I haven't said much about this, yet, but we are moving into our dream home in two weeks.  Thirteen days, actually.  Mark is keeping his job and telecommuting, and I will be starting my new job on June 25.  The house is at about 7,000 feet elevation, on 55 acres of land that abuts on the eastern side to BLM land.  That land is a stone's throw from Colorado National Monument, pictured below, an imaged I pulled off of Wikipedia.  Within the month, I will have photos from our own land to post.

Our new community comprises of 160 people.  My commute to Grand Junction is 35 minutes through the Monument, via a gorgeous stone-swept, meandering road to the city of 60,0000, which is 2,000 feet below where we will live.  (Do I sound like I'm bragging?  Sorry, I don't mean to.  I'm just excited.)
Picture
I've been de-cluttering and packing for the past three weeks.  Now that we are two weeks out, Mark and Chase have joined in.  The new house is almost 2,500 square feet (but I suspect they are counting garage??) and we live in 1,350 now.  Mostly, I want to de-stuff because I hate clutter.  I don't want to pack it; I don't want to move it.  And I have a wonky hip and lots of metal body parts, and frankly, I just need less crap in my life. 

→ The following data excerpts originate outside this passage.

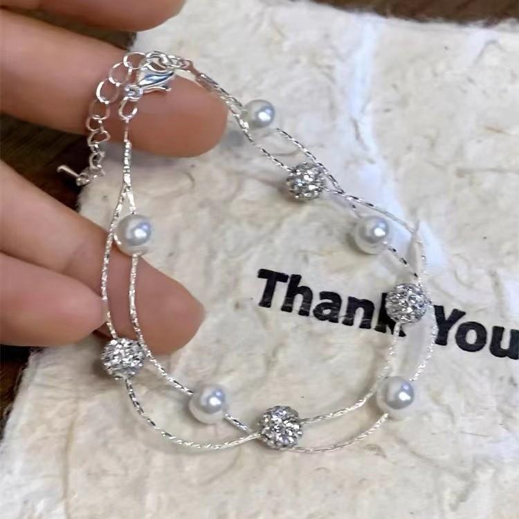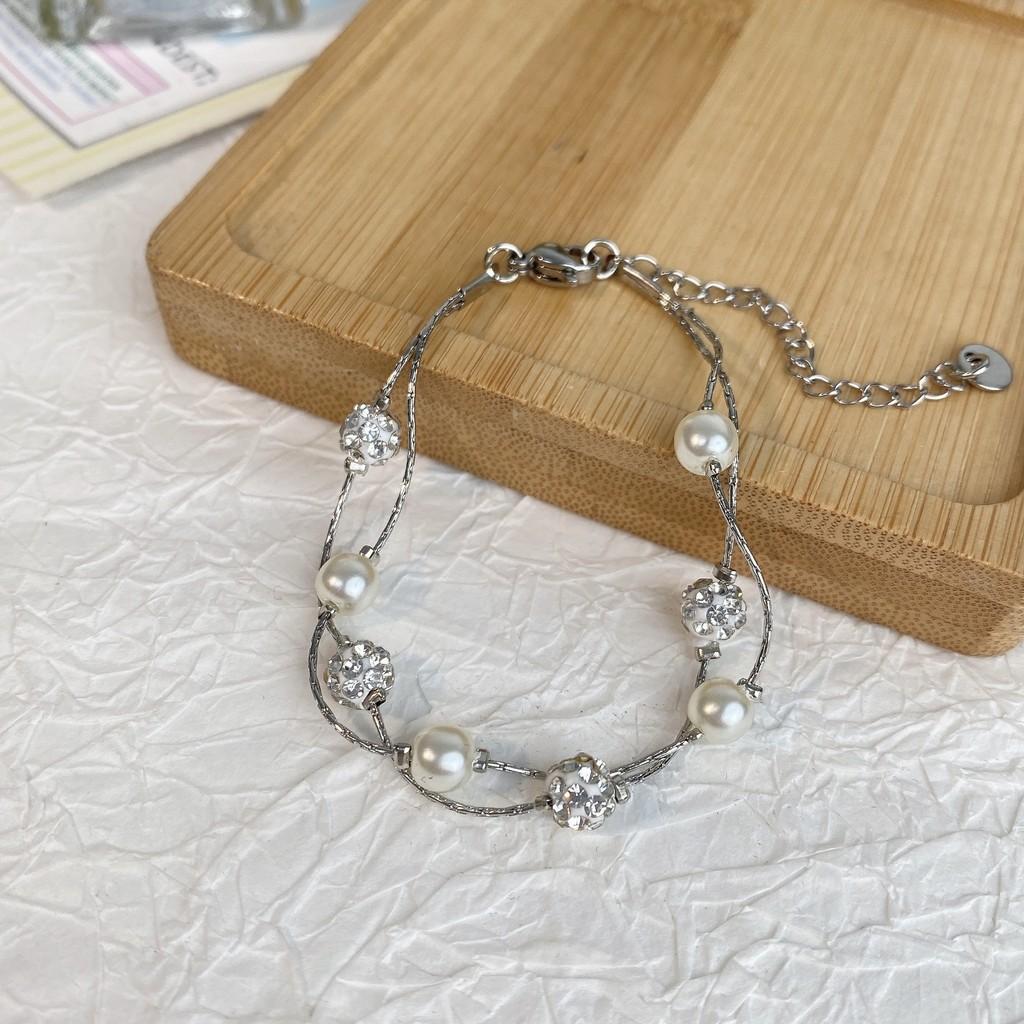 Серебряный двухслойный элегантный жемчужный браслет, шикарные минималистичные украшения из титановой стали для женщин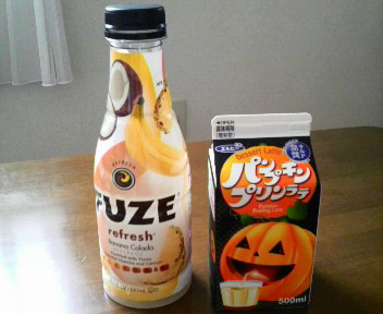 FUZEフルーツドリンク バナナとパインとココナッツドリンク 乳酸菌飲料の味ですね。好きな味 先日の三沢基地航空祭で購入しました。どっかで売ってないかしら?パンプキンプリンラテ プリンがドリンクになっちゃった。パンプキンの味が薄すぎてわかんない。プリンをぐちゃ ぐちゃに混ぜて水で薄めたみたいな味です。一気飲みしちゃいました。ローソンにて購入。 新作が気になります。つい手が出る変わった飲み物達。やめられません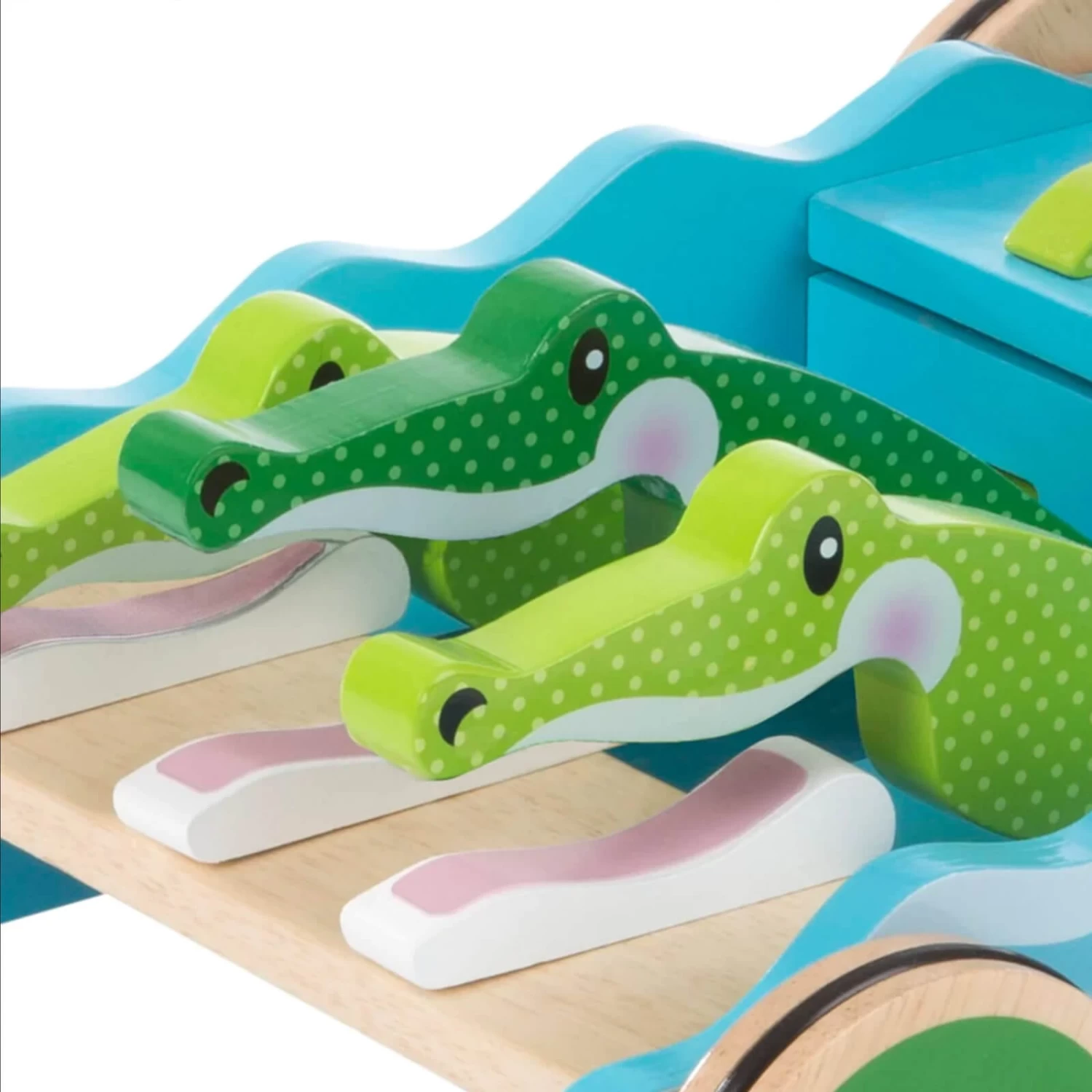 See you later, alligators! Get playtime rolling with three friendly alligators who take turns chomping with every step your toddler takes.

Chase is actually more like me in that way.  You could get rid of 90% of the stuff in his room, and he'd be fine.  He's not like me in that he is motivated to *clean* at all, but when I asked him to thin his books, he did so very easily.  When we give him trash bags for his room, he will have a much easier time with parting with stuff than his father will parting with his stuff.  I think that's true of most parents, though.  That includes me, because the first thing I asked him is what books he wants to preserve.  (Because I preserve books.)

Mark is the one in the marriage who keeps stuff....ALL KINDS OF STUFF.  One of those stories we'll be telling after we've been married for 50 years is the day he found a 35 year old piece of Valentine's candy and wanted to keep it, because it was cool.  You know, those chalk-tasting pink hearts that are printed with small phrases like "Cutie!" and "Love Bug!" that nobody really likes but bank tellers put out for people?  Yeah.  It's gone now.  So is the vat of lentils dated 1989 (in fairness, they still looked intact) that I discovered in the pantry when I moved in (in 2007).  But he has been so good about letting things go the past few months.  The boxes of beer cans are gone, and he'd been doing small projects.  This past week, he's been good about getting rid of stuff in earnest. 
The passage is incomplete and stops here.